I have restrained myself from posting on this thread because I am partially guilty...but I have a lot of mixed emotions about this. I fitted a swiv-o-matic cymbal mount and bass drum spurs on a 28" blue and olive badged Ludwig bass drum. It was a concert drum, it had no mounts or spurs. At least now its usable for me and its WAY cool! In many cases as new and more robust hardware came out back in the day...people modded their drums too. Off the top of my head, Ginger Bakers silver sparkle set had swiv-o-matic hardware and I know there are more. George Way drums were often also sold with swiv-o-matic hardware from the factory as was Camco (arguably not a "mod" then, but I digress). You could easily say that in the early 60's, Rogers hardware was the modern day Pearl hardware...it was everywhere.
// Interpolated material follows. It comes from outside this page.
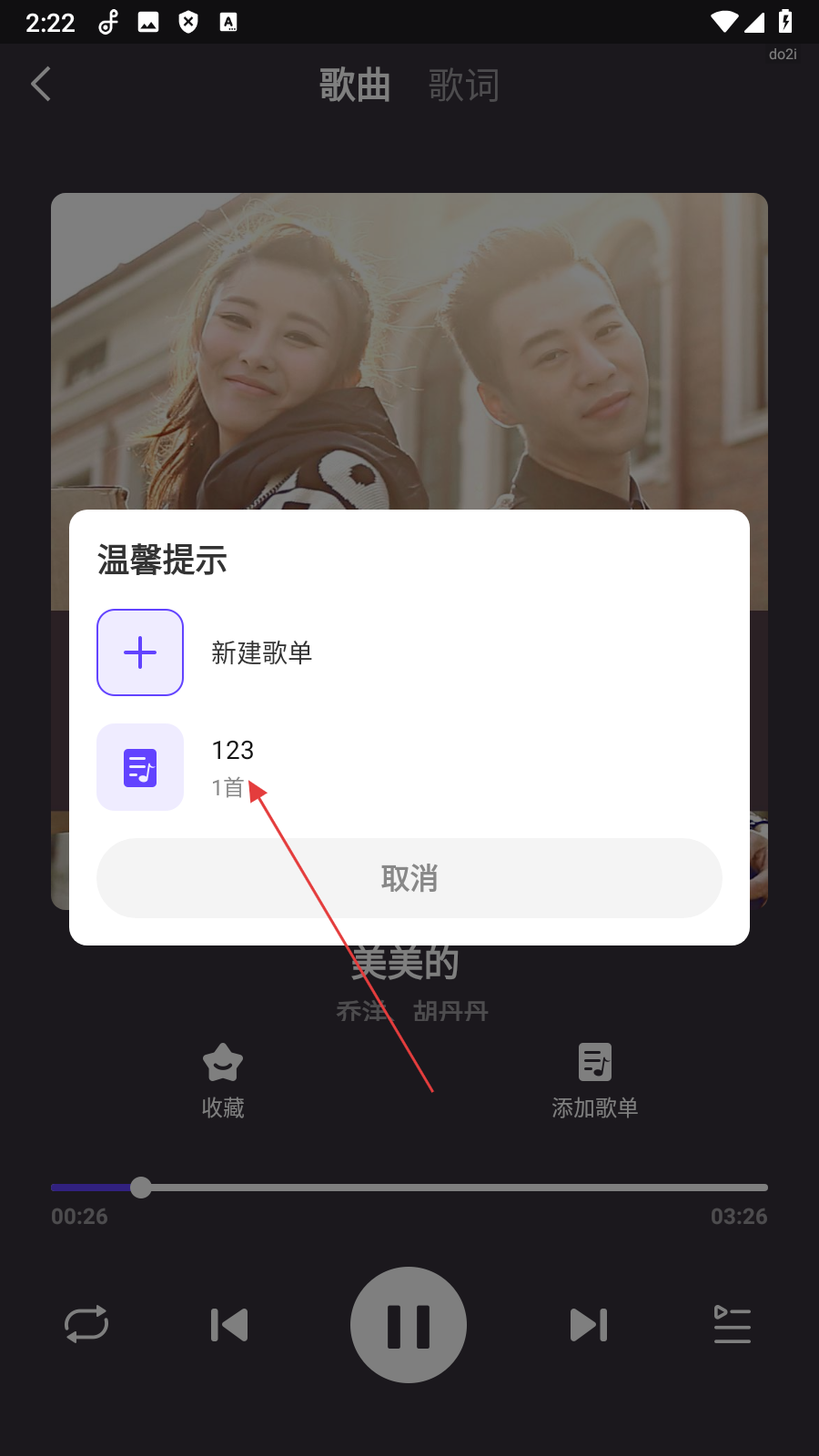 3、在温馨提示框中,点击【新建歌单】或选择已有歌单选项。

I restored some Sonor teardrops for a friend. The first thing he wanted was Pearl bass drum spurs. When I restored it, it got all original hardware and a bass drum hoop claw. He said it won't work, he needs the Pearl legs because the bass drum moves. I showed him how to set it up using the claw and factory spurs and guess what...it don't move. My argument is, was, and always will be if John Bonham didn't complain about his bass drum walking around using vintage hardware....nobody else should. If he could figure it out, so can you (minus the old nailing the hoop to the stage trick...LOL!!!). I think sometimes people missed out on learning how to use vintage gear, or simply look to continue emulating who they did when they were young.
On the other side of that coin, I believe it should be stated nobody is talking about drilling in a one of one left drum. These are typically common run of the mill production shells that can still be found everywhere today. If a piece is legitimately rare (not uncommon, not valuable, not I wish it was rare....I mean honestly rare)....then yeah don't drill it. Find someone to trade or sell your rare piece and buy something that fits your needs. If anyone really wants to get upset about modifying or even trashing gear that is now appreciated, look at Tweed era Fender amps. Through the 70s and into the 80s people painted them black to look like modern amps, ripped out the old Jensen speakers, cut the cabinets up, tore the tweed off, and ultimately just trashed them. Into the 90s you couldn't give a Tweed away. I have seen pictures of music stores with 40-50 Tweed Fenders piled up outside because people didn't care about them (same with Tweed era Gibsons too....BTW). Now...a Tweed Bassman is considered the holy grail of amplifiers and fetches north of $6,000. Its a small example of how one generations trash or tools of the trade becomes another generations treasure.